> [WHAT THE TASK REQUIRES]: From the entries below, transcribe exactly the lines between the line holding "is a limited" and the line holding "Teardrop Pendant Blue", inclusive; skip all other lines.

> [EXERCISE DATA]:
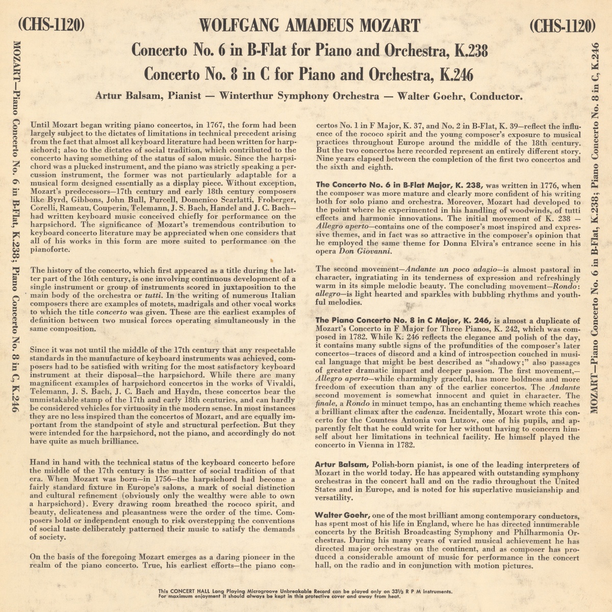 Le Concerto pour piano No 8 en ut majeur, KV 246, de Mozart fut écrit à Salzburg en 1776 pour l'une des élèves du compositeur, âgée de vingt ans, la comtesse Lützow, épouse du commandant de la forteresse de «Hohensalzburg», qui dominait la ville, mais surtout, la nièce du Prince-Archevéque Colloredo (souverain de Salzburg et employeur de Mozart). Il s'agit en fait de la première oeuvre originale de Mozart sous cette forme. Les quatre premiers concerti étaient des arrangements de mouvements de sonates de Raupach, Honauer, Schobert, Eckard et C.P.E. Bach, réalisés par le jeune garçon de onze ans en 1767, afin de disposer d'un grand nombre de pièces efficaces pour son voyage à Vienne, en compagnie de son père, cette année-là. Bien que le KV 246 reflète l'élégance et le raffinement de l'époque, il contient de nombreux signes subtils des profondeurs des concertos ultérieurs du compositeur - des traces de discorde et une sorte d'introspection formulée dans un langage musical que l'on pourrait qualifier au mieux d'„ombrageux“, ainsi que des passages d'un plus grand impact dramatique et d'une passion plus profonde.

--

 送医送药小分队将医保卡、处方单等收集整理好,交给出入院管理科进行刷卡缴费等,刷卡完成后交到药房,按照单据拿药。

---

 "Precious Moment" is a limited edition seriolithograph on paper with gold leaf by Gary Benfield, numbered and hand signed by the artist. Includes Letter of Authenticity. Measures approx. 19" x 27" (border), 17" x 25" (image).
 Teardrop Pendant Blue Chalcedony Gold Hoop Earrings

> [ANSWER SECTION]:
 "Precious Moment" is a limited edition seriolithograph on paper with gold leaf by Gary Benfield, numbered and hand signed by the artist. Includes Letter of Authenticity. Measures approx. 19" x 27" (border), 17" x 25" (image).
 Teardrop Pendant Blue Chalcedony Gold Hoop Earrings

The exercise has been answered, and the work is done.